As for the development of teachers more specifically, Philippine National Research Center for Teacher Quality Director Dr. Gina Gonong highlighted the importance of a shared framework and teacher autonomy and agency, as laid out by the Philippine Professional Standards for Teachers (PPST). Alongside her was Dr. Fermin, who enumerated the different quality issues teachers face in the pandemic. Teachers, he explained, are at the heart of the solution.
In the area of external quality assurance, Br. Fernandez gave an overview of PAASCU’s initiatives for the Virtual Program Accreditation, an initiative that began this year and will be implemented in the years to come. These come with the 23 new principles-based quality standards, which the organization crafted with feedback from the academic community and with ASEAN, AUN, and CHEd assessments as benchmarks.
Over the next three years, he explained that PAASCU looks to improve its operations and safeguard the quality of the accreditation process throughout the many changes ahead. “As schools begin to open up,” said Br. Fernandez, “It’s important that accreditation adapts to whatever modality takes place.”
Construct
And finally, the last stage is one where schools may begin to construct. Not only is it imperative that schools prepare for the here and now of the Covid-19 pandemic, but also for what is to come.
From the new normal, for example, schools must look towards new possibilities.
To determine these choices and lead schools in the road ahead, Dr. Ester B. Ogena of the Asian Institute of Management highlighted the need for leaders of higher education institutions to develop self-determined, lifelong learning. She spoke about the many demands of the fourth industrial revolution, and the importance of failure as part of the learning process. Ultimately, she said that good leaders must offer up two things to the communities they serve: inspiration and results.

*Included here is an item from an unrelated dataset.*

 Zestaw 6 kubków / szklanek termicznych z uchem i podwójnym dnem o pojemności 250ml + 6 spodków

For. Dr. Hang Le of Vietnam’s Duy Tan University, meanwhile, new possibilities center on digital transformation for schools, which entails deep and coordinated shifts in culture, workforce, and tech. As the world becomes increasingly digital, especially with regard to crises like the Covid-19 pandemic, digital transformation is no longer optional, and it is an endeavor that will require a shared vision, meticulous strategies, financial support, and a culture of innovation.
But at the end of the day, Professor Tan Eng Chye highlighted that the important thing to keep in mind is resilience for students, staff, and graduates. Speaking from his experiences at the National University of Singapore, he talked about different programs for broad intellectual foundations, interdisciplinary versatility, and flexible pathways to equip students with 21st century skills they need.

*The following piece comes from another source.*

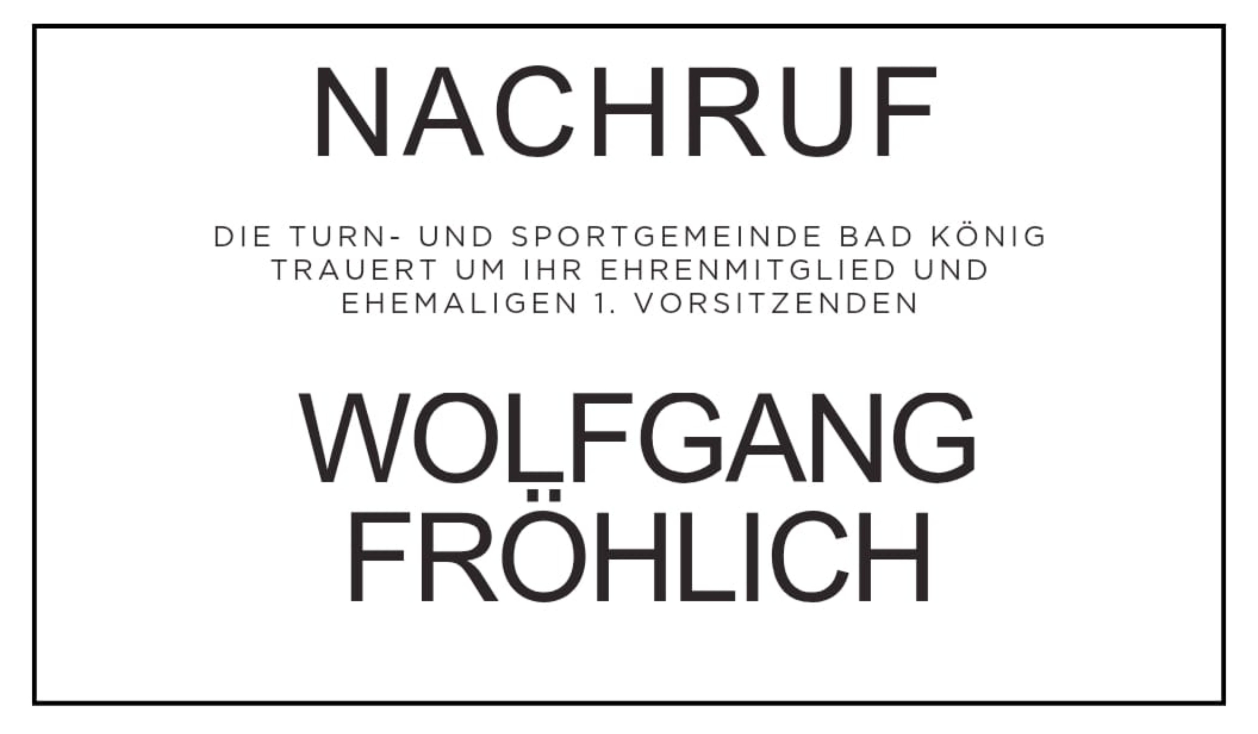 Über unglaubliche 45 Jahre stand Wolfgang Fröhlich an der Spitze unseres Vereins. Mit außergewöhnlichem Engagement, unermüdlichem Einsatz und großer Weitsicht führte er die Turn- und Sportgemeinde Bad König durch Jahrzehnte der Entwicklung. Sein Wirken hat unseren Verein nachhaltig geprägt und maßgeblich gestaltet.

Graduates, too, are able to benefit from lifelong learning programs, while staff development is encouraged through continuing education in areas like data analytics and artificial intelligence, as well as different assignments every five years to boost organizational resilience.
Across the different sessions, speakers at the 2021 PhilEd spoke about how a lot of the problems faced by schools have been around since before the pandemic. And while the health crisis has been a catalyst for rapid change in today’s VUCA world, schools must also treat it as a learning experience for ensuring continuity of learning — from coping, to controlling, and finally, constructing — no matter what crisis may come our way next.